The typical Image Mining process can be divided into different steps [12]. The first step is preprocessing of image data, like loading the image and special segmentations [12]. The next step is feature extraction and transformation [12], where common image attributes (e.g. color, edge, shape, texture) are extracted from the images. The third step are Image Mining techniques [12]. There are different Image Mining techniques according to Zhang et al. [10] (can may be used in the field of BPM):
-
Object Recognition
-
Image Retrieval
-
Image Indexing
-
Image Clustering and Classification
-
Association Rule Mining
-
Neural network
Object Recognition tries to find known as well as similar objects in different images [10]. Through Image Retrieval users as well as information systems can easily find images e.g. based on different patterns [10, 13]. Further, image retrieval is a process of processing limited information to support users retrieval goals at a short time [12]. Furthermore, approaches to indexing images for implementing a information system to retrieve images as well as image data are necessary [10]. To find out similarities of different images as well as cluster different images according to their individualities an image classification and image clustering is needed [10]. Through Association Rule Mining [10] interesting trends, patterns and (pattern) rules of different images can be extracted, Rule Mining can be applied based on a large database of images or e.g. a combined collection of images [10, 14]. Artificial neuronal networks can be used to mine a large amount of image data for feature extraction [10, 15, 16].

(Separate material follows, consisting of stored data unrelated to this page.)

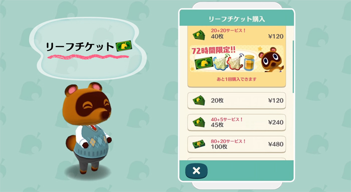 課金要素がまったくない、というわけでは勿論なく「どうぶつの森 ポケットキャンプ」での課金要素には「リーフチケット」というアイテムが使用されます。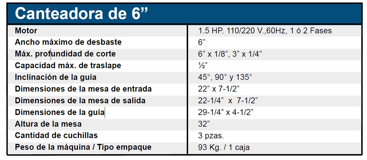 Motor: 1.5 HP 110/220 V 60 Hz 1 ó 2 fase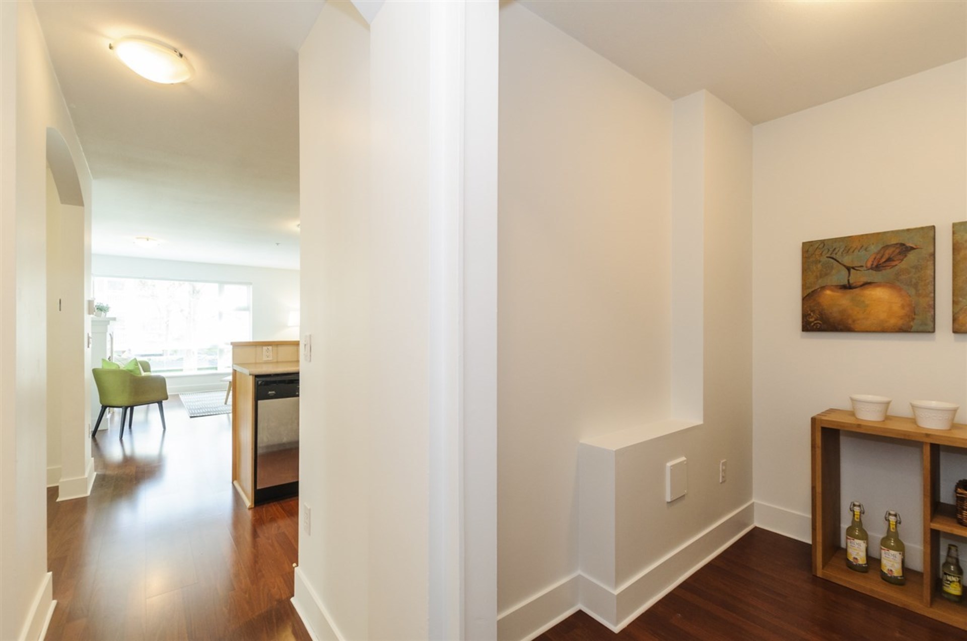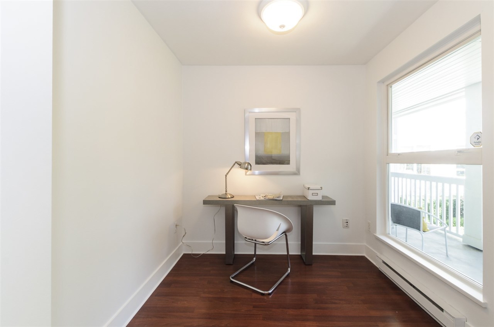 GREENWICH! This Polygon development is perfectly located in Kits. The unit offers: 1 bed, 1 bath, and great sized den; open concept; gas fireplace; gas range; HUGE in-suite storage; laminate floors; and large patio overlooking the courtyard. The building is pro-actively managed and well maintained

Finally, based on the results of these techniques an evaluation and knowledge creation are the last steps of the typical Image Mining process [12]. Therefore, decisions related to BPM are possible (e.g. analyze of graphical process documentation). General aspects of BPM are described in the next section.
2.2 Business Process Management
Business process management [17] is the method-based application of methods, techniques, and tools to business processes during their lifecycle [1]. There are different definition of the business process lifecycle [1, 17]. The most frequently used phases are design, deployment, operation and optimization. We will use the definition developed in [18].
Process Identification
Starting from a business perspective, the processes are identified that contribute to achieving a business goal [18]. They are also delimited and related to each other. Often, the processes found are integrated into an enterprise architecture. The process identification phase consists of two sub-phases. In the designation phase [18], an understanding of the processes in an organization and their interrelationship shall be achieved. Depending on the abstraction level, different numbers of processes may emerge. In the following evaluation phase, the processes found in the designation phase are prioritized according to their need for modeling, redesign etc.
Process Discovery/Design
The goal of process discovery [18] is to collect information about an existing process and create a documentation of the present state of the process. Using modeling approaches such as BPMN [3] or ARIS [2] the current or strived for state of the process is depicted in one or several models. Process discovery has to cope with three challenges [18]. First, the knowledge about the process is fragmented. Frequently, no single domain expert has a complete picture of the process but only parts of it. Second, the knowledge of the domain experts is often organized from a case-oriented way, but not a process-oriented view. Third, the business domain experts are not familiar with process modeling methods. Instead, they are using ad hoc defined approaches for depicting their knowledge. Therefore, it is important to assure that these informal descriptions are in sync with the formal ones. The prototype presented in section four supports this use case.
Process Analysis
The processes are analyzed using both qualitative and quantitative means [18]. Value-Added Analysis [19], Root Cause Analysis [20] and Issue Documentation are important steps of the qualitative process analysis.
Goal of the value-added analysis is to identify unnecessary process steps and to remove unnecessary steps. To do so, the process steps are classified into value-adding, business value-adding and non-value adding tasks. Then, the non-value adding tasks are eliminated either completely or automated as far as possible.
In the root-cause analysis [20], the relationship between adverse effects on one hand and causal and contributing effects on the other side shall be identified. Cause-effect diagrams and why-why diagrams are frequently used by means of root-cause analysis.
As a result, a register of issues is created. Whenever possible the issues are not only described qualitatively, but also their impact is quantified. Furthermore, the list of issues should be prioritized, pareto charts are important means of doing this.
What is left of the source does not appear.